3. Even without overflow, array sizes could become large enough to
cause unexplained memory allocation errors. Fix by capping the sizes
to a safe limit and report actual errors pointing at gist__intbig_ops
as needed.

4. Large inputs to the compression function always consist of large
runs of consecutive integers, and the compression loop was processing
these one at a time in an O(N^2) manner with a lot of overhead. The
expected runtime of this function could easily exceed 6 months for a
single call as a result.

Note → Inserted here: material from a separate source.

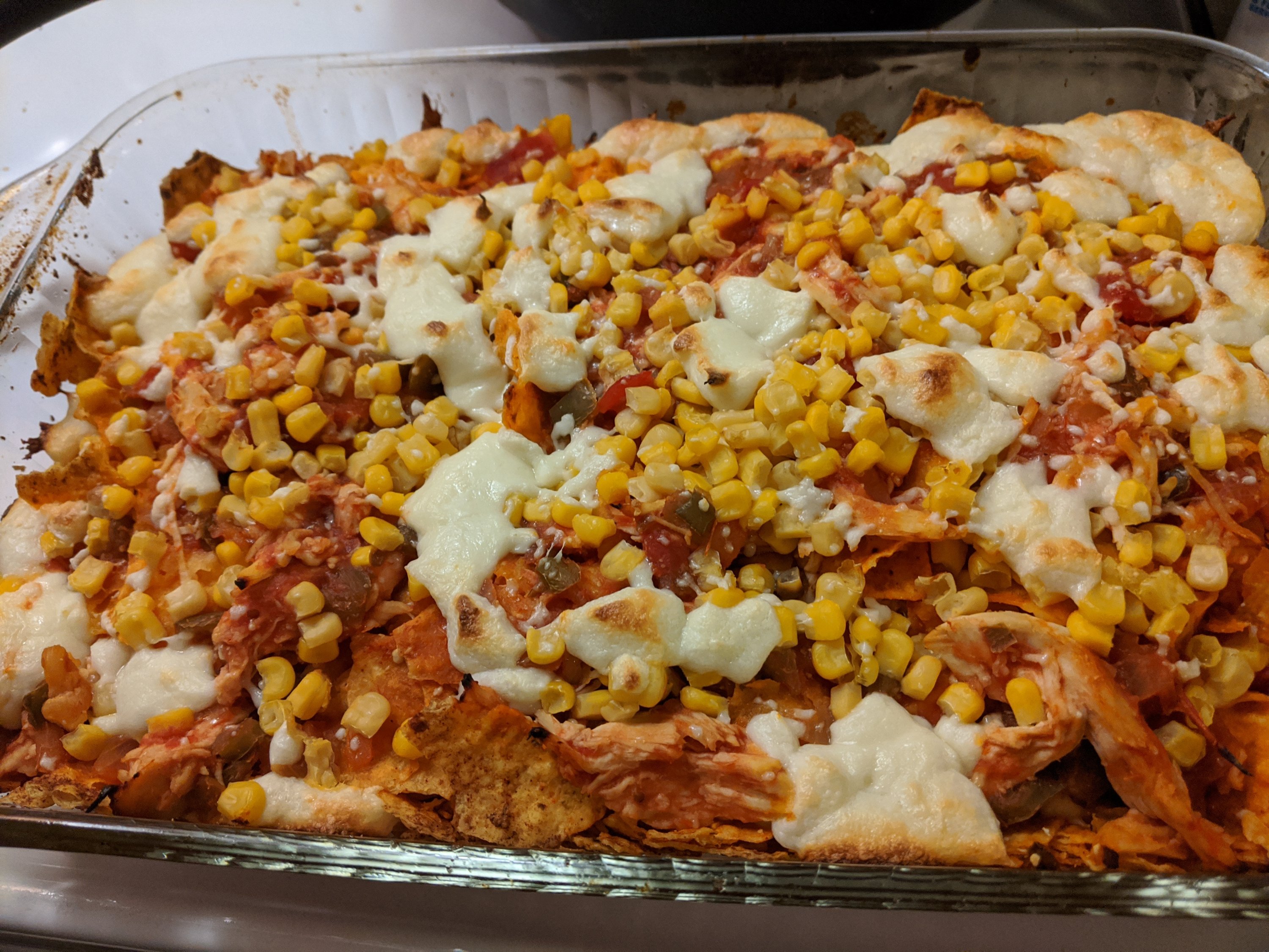 This recipe is very forgiving and adaptable. Want more chips? More meat? Less cheese? Prefer beans to corn? Want it spicier? Change the amounts and ingredients to suit your tastes. [And you can, of course, use plain tortilla chips if you prefer. But why would you want to do that?]

Fix by performing a linear-time first pass,
which reduces the worst case to something on the order of seconds.

Backpatch all the way, since this has been wrong forever.

Per bug #15518 from report from irc user "dymk", analysis and patch by
me.

Discussion: https://postgr.es/m/15518-799e426c3b4f8358@postgresql.org
---
 contrib/intarray/_int_gist.c | 71 ++++++++++++++++++++++++++++++++----
 contrib/intarray/_int_tool.c | 14 +++++--
 2 files changed, 73 insertions(+), 12 deletions(-)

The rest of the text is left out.